■ MATERIAL PROVIDED:
● ● ●

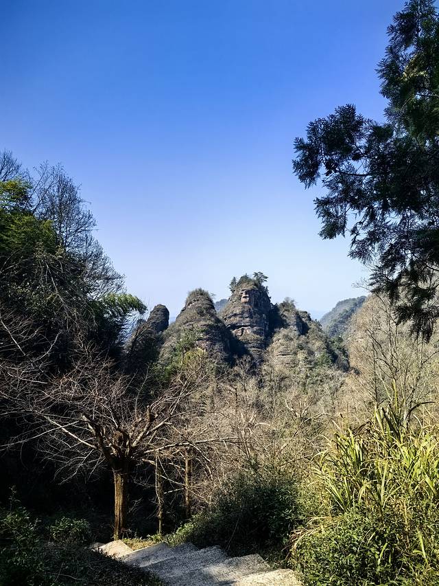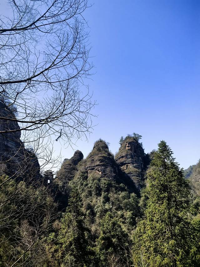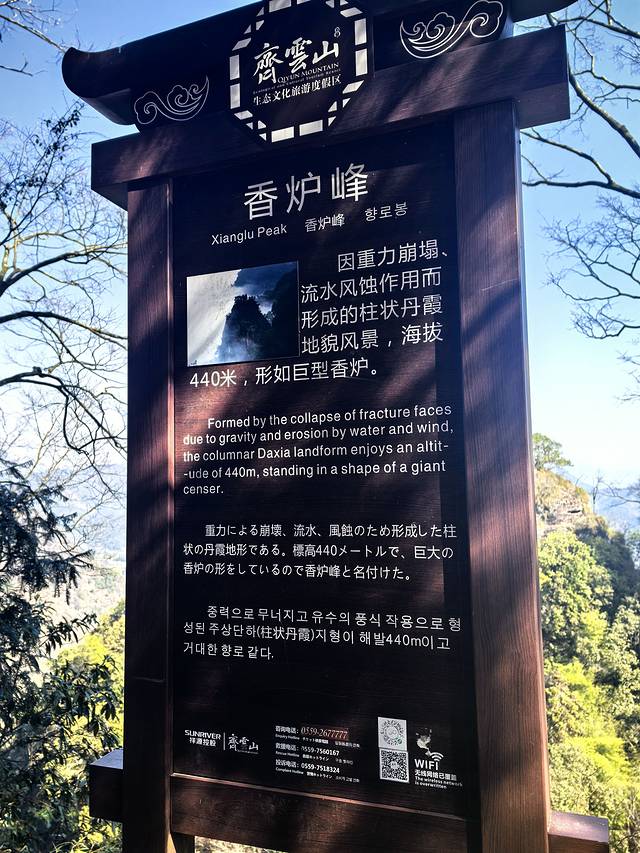 山体以紫红色砂岩为主,形成奇峰、幽洞、怪岩等独特景观,如香炉峰、天桥岩、真仙洞府等,丹霞地貌与青翠植被相映成趣。
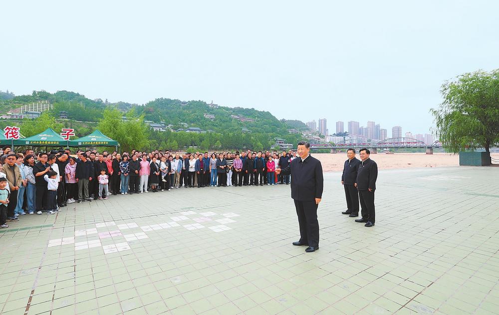 9月10日至13日,中共中央總書記、國(guó)家主席、中央軍委主席習(xí)近平在甘肅考察。這是11日下午,習(xí)近平在黃河蘭州中山橋段考察時(shí),同在場(chǎng)的干部群眾親切交流。新華社記者王曄
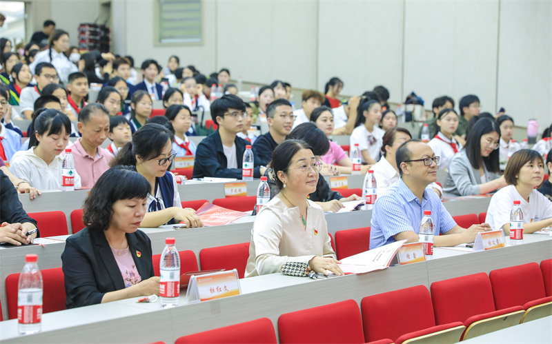 开幕式上,谢鑫发表讲话。她表示,从大中小思政课一体化建设到大中小思政教育一体化建设,学校一直在大力推进,不断研究、探索和延展,在内容上研究从“点”到“线”的融汇贯通,在对象上研究由“课”及“人”的延展延伸,在范围上研究自“内”而“外”的互联互嵌,推进不同学段之间思政教育有效联接和“思政小课堂”与“社会大课堂”有机融合。学校携手景苑中学、小学、月雅河小学、杭实外等共同体成员单位,大中小学师生共同完成一堂与众不同的大思政课,所有节目由大中小学老师共同指导,大中小学生同台表演,观众是大中小学生,这是非常好的尝试。希望在各校领导重视下,在老师们共同努力下,出品更多助力孩子成长、赋能教师发展、激活学校红色引擎的好活动、好项目和好教育。

● ● ●

■ TASK DESCRIPTION: Repeat the data verbatim, excluding all pictures.

■ SOLVED EXERCISE:
 山体以紫红色砂岩为主,形成奇峰、幽洞、怪岩等独特景观,如香炉峰、天桥岩、真仙洞府等,丹霞地貌与青翠植被相映成趣。
 9月10日至13日,中共中央總書記、國(guó)家主席、中央軍委主席習(xí)近平在甘肅考察。這是11日下午,習(xí)近平在黃河蘭州中山橋段考察時(shí),同在場(chǎng)的干部群眾親切交流。新華社記者王曄
 开幕式上,谢鑫发表讲话。她表示,从大中小思政课一体化建设到大中小思政教育一体化建设,学校一直在大力推进,不断研究、探索和延展,在内容上研究从“点”到“线”的融汇贯通,在对象上研究由“课”及“人”的延展延伸,在范围上研究自“内”而“外”的互联互嵌,推进不同学段之间思政教育有效联接和“思政小课堂”与“社会大课堂”有机融合。学校携手景苑中学、小学、月雅河小学、杭实外等共同体成员单位,大中小学师生共同完成一堂与众不同的大思政课,所有节目由大中小学老师共同指导,大中小学生同台表演,观众是大中小学生,这是非常好的尝试。希望在各校领导重视下,在老师们共同努力下,出品更多助力孩子成长、赋能教师发展、激活学校红色引擎的好活动、好项目和好教育。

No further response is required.